= China–Myanmar Economic Corridor =

Infrastructure project in Myanmar

The CMEC will give China an outlet in the Indian Ocean

China–Myanmar Economic Corridor (CMEC) is a number of infrastructure projects supporting connectivity between Myanmar and China. It is an economic corridor of the Belt and Road Initiative.

==Transportation==
The infrastructure development plan calls for building road and rail transportation from Yunnan Province in China through Muse and Mandalay to the seaport city of Kyaukpyu in Rakhine State. The transportation route follows gas and oil pipelines built in 2013 and 2017. At the end of the route, a port and Special Economic Zone is planned at Khaukphyu.

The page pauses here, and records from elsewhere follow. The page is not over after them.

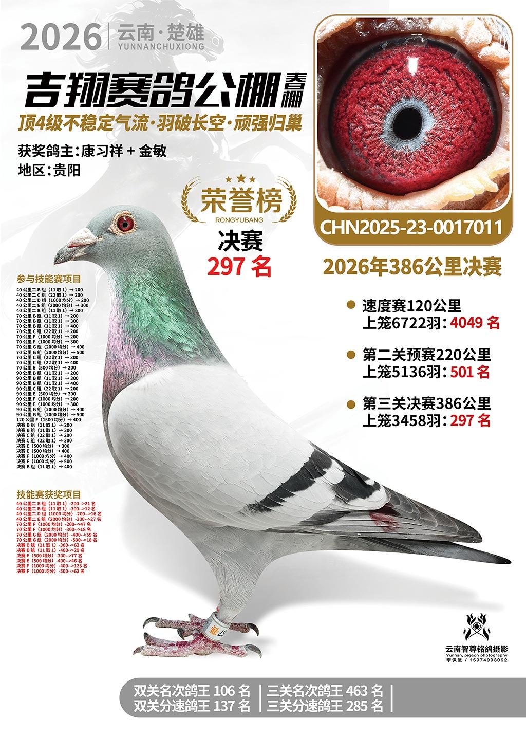 楚雄吉翔公棚(春棚)2026年386公里决赛获奖鸽欣赏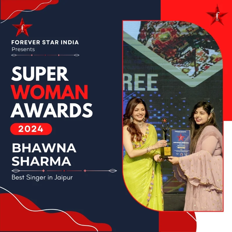 At the esteemed Super Woman 2024 Ceremony, Bhawna Sharma, one of Jaipur's most renowned musical talents, was recognized with the titles of "Best Singer in Jaipur 2024" and "Best Multilingual Singer in Jaipur." Known for her versatility, she enchants audiences with songs in Hindi, English, Korean, Japanese, Bengali, and Telugu while performing with ease in classical, contemporary, and international music genres.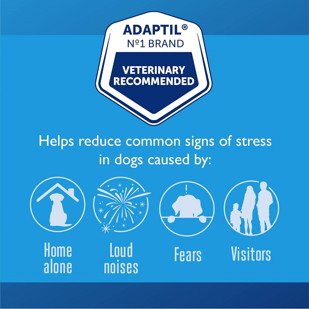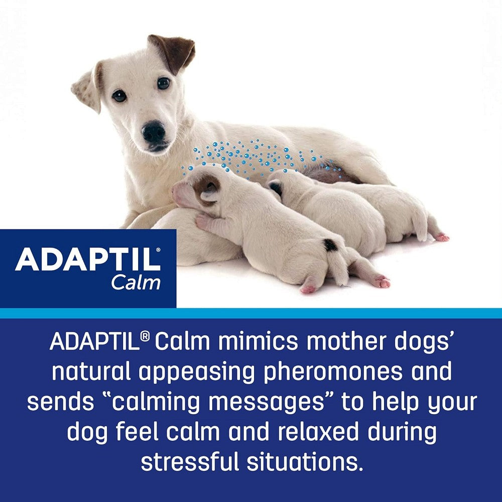 • ADAPTIL helps your dog feel calm and comfortable by mimicking a mother dog’s natural nursing pheromones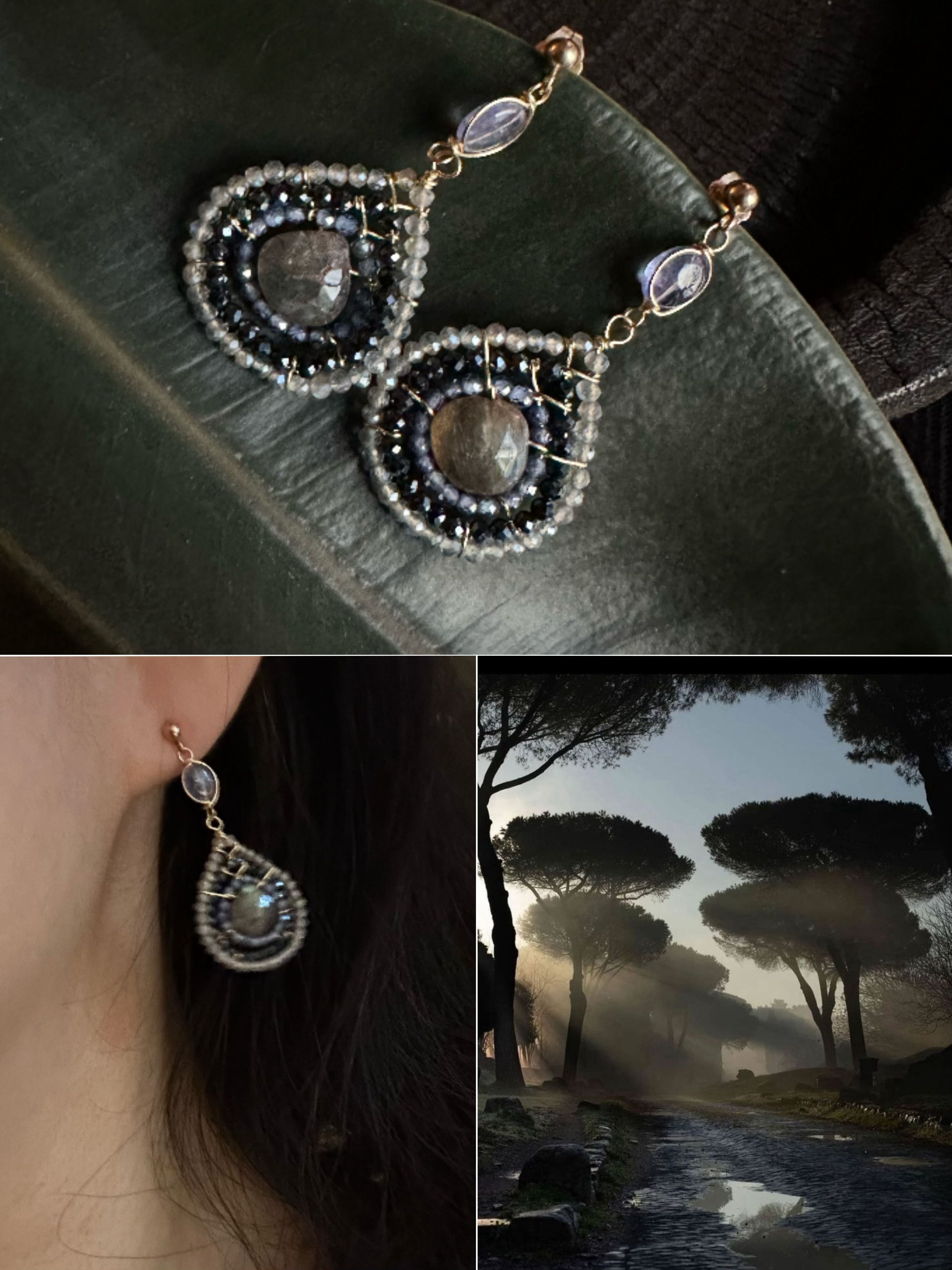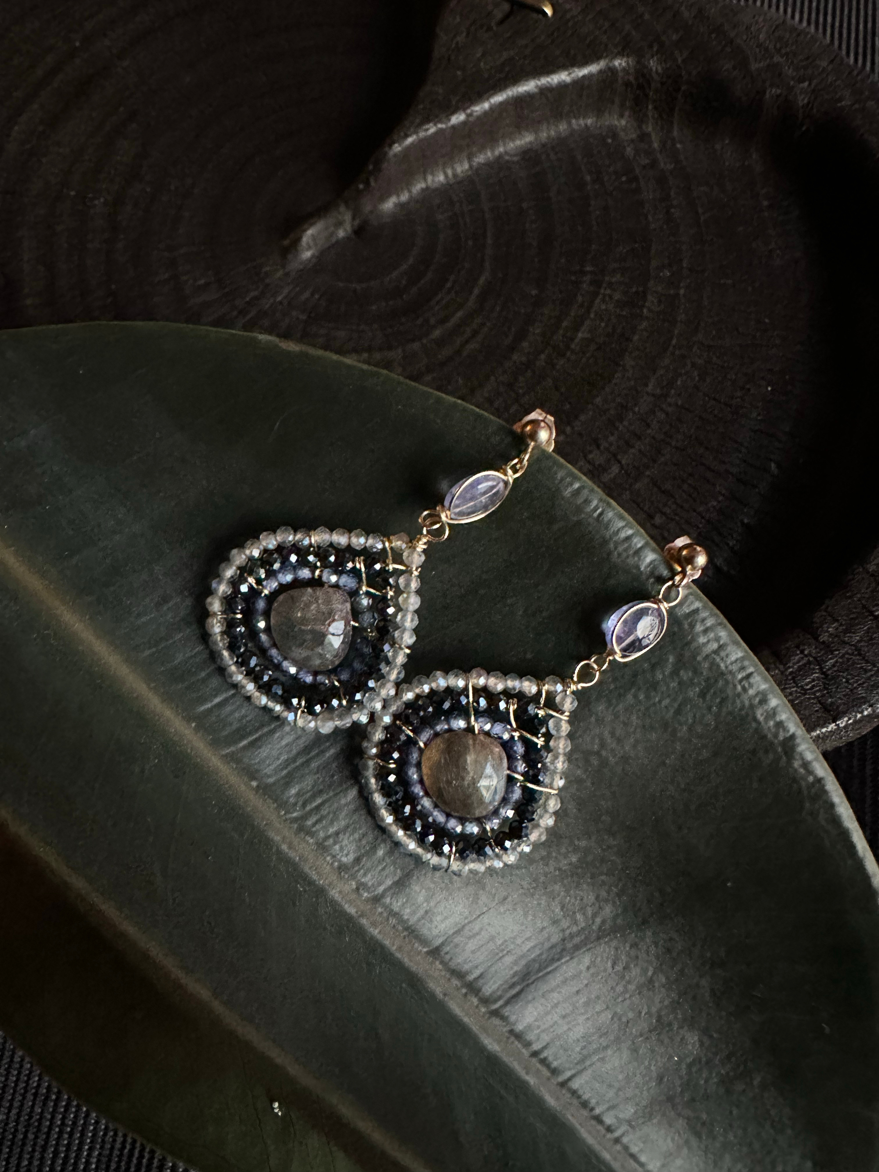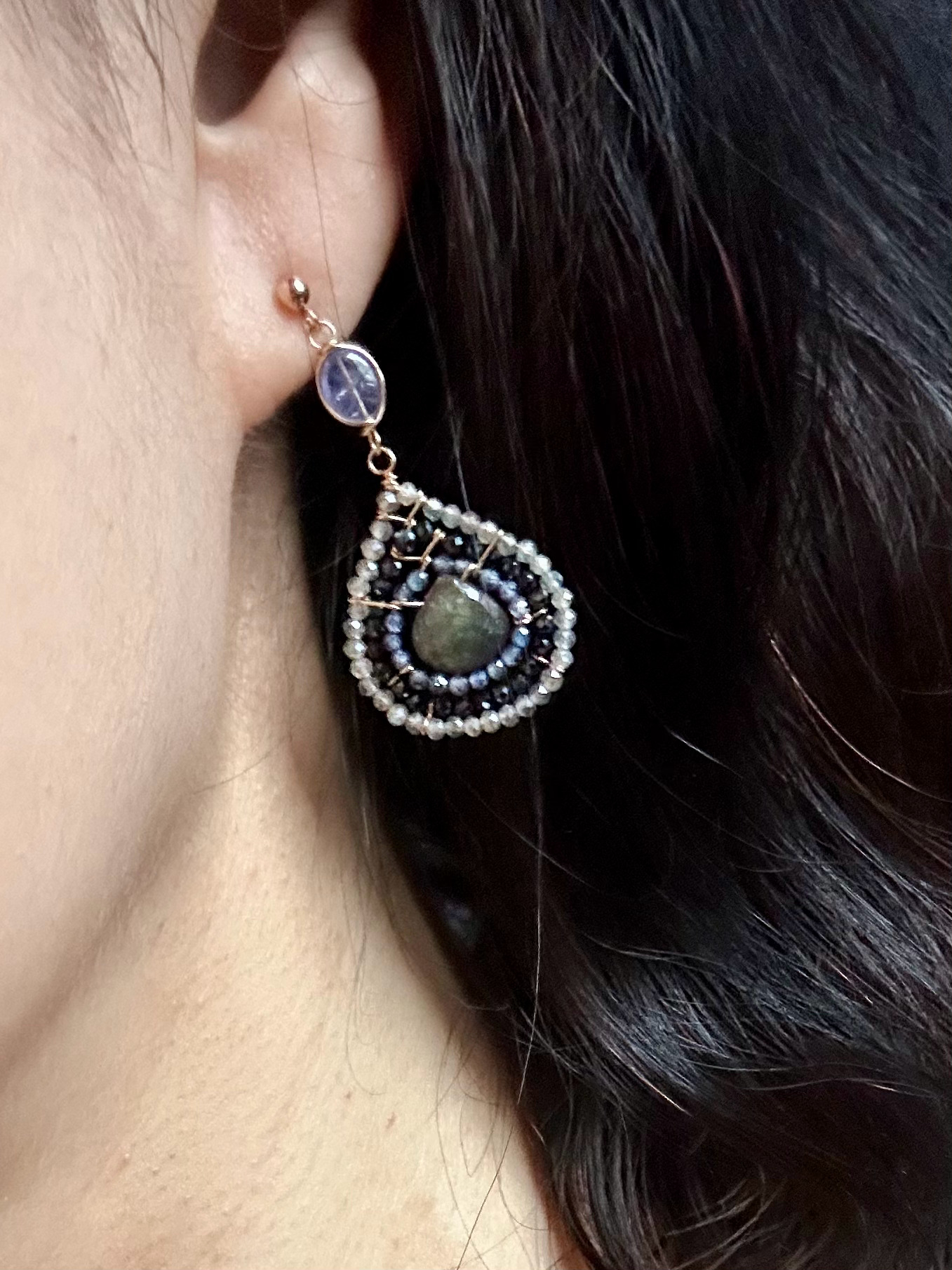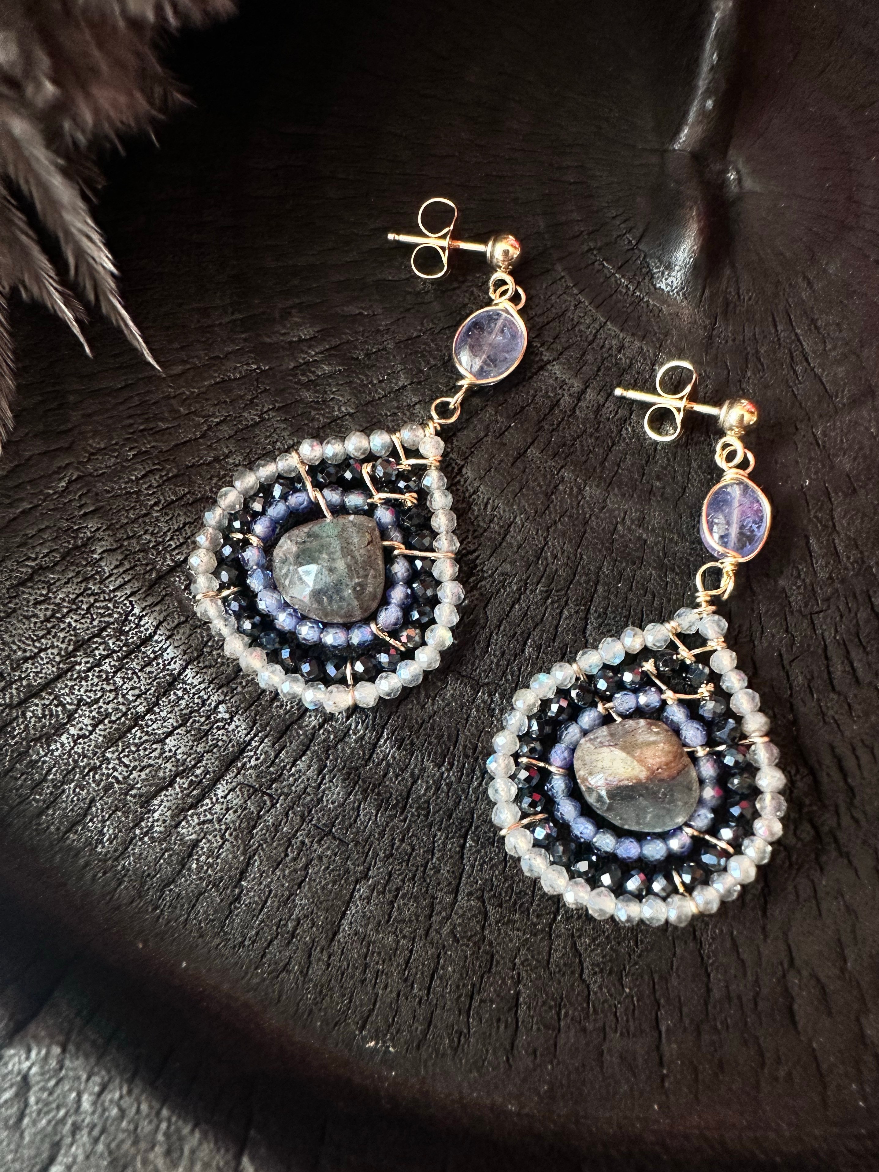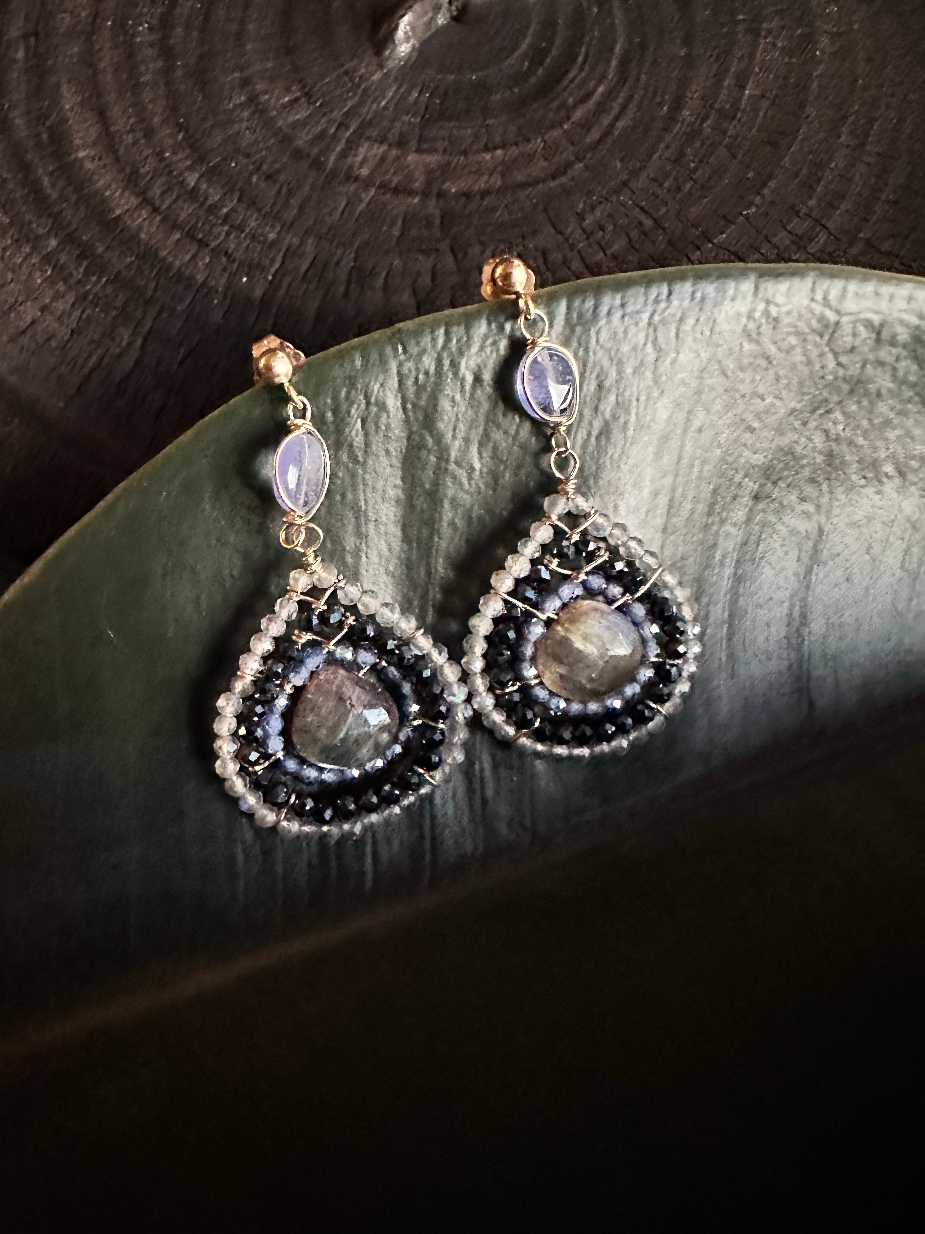 SpoiledBrat Jewelry戏剧系列 |14K注金斜长石坦桑石尖晶石耳环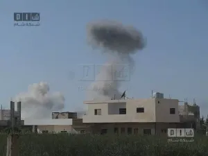 ألقى طيران الأسد المروحي ثلاثة براميل متفجرة على قرية مسحرة .
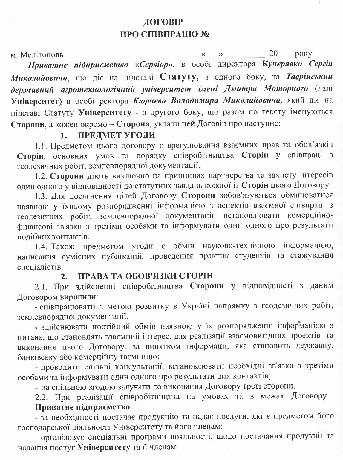 Заключено договір про співпрацю між кафедрою геоекології і землеустрою Таврійського державного агротехнологічного університету (ТДАТУ) та приватним підприємством “Сервіор” – однгим із провідних підприємств, не лише на теренах м. Мелітополь та Мелітопольського району, а й Запорізькій області.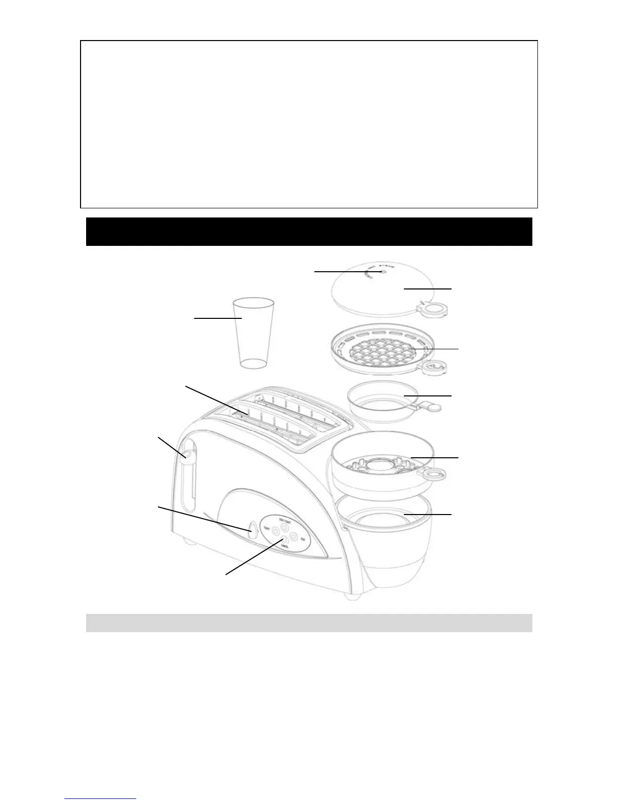• Do not attempt to operate the egg poacher without water in the reservoir.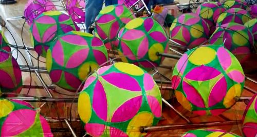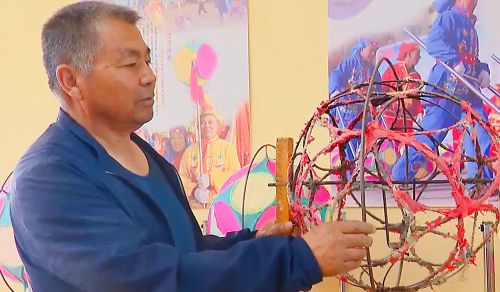 张安邦今年65岁,自其太祖辈起,代代都是技艺娴熟的滚灯人,到他手里已经是第三代了。明清时的滚灯,灯架、灯盘、转轴都是木制的,花灯是用竹条或柳条编织,解放前改成了罗圈骨架,而现在经过他改良的景泰滚灯,则是用高碳钢丝制作而成。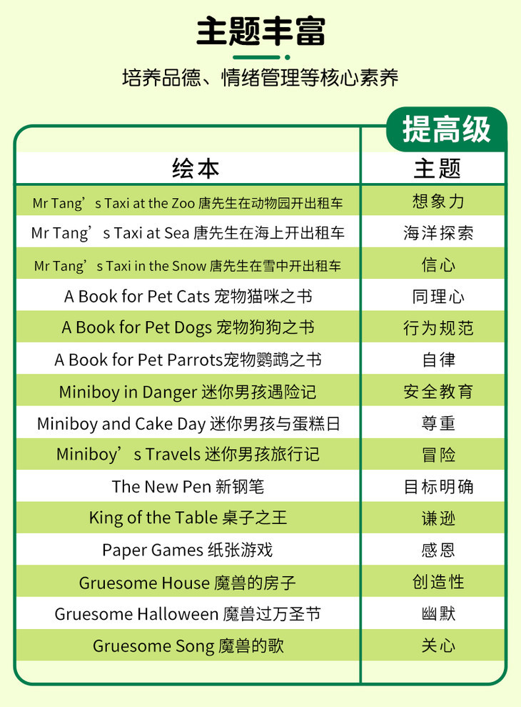本系列“提高级”包含15册英文绘本,附音频二维码,适合给有一定英语基础的幼儿及小学中高年级的学生进行指导性阅读。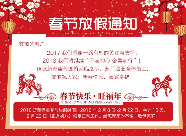 新年的鐘聲即將敲響,根據(jù)國(guó)家春節(jié)假期通知及藍(lán)菲公司的實(shí)際情況,確定于2018年2月9日-2月22日,共14天,為藍(lán)菲酒業(yè)春節(jié)假期,于2018年2月23日(正月初八)正式上班,請(qǐng)好朋友們悉知。同時(shí)在此提前恭祝,新春快樂(lè)!

The largest construction project along the route is the 431 km Muse-Mandalay Railway, a project estimated to cost US$9 billion. The newly built railway would connect to the Chinese railway network at Ruili, Yunnan Province.

==Core zones==
An important part of the corridor will be three core zones at the border of both countries. The core zones will be commercial areas with duty-free concessions, hotels, manufacturing, and financial services. According to a policy plan in 2019 by the Myanmar Ministry of Commerce, the locations for the core zones would be Muse and Chinshwehaw in the northern part of Shan State and Kan Pite Tee in Kachin State.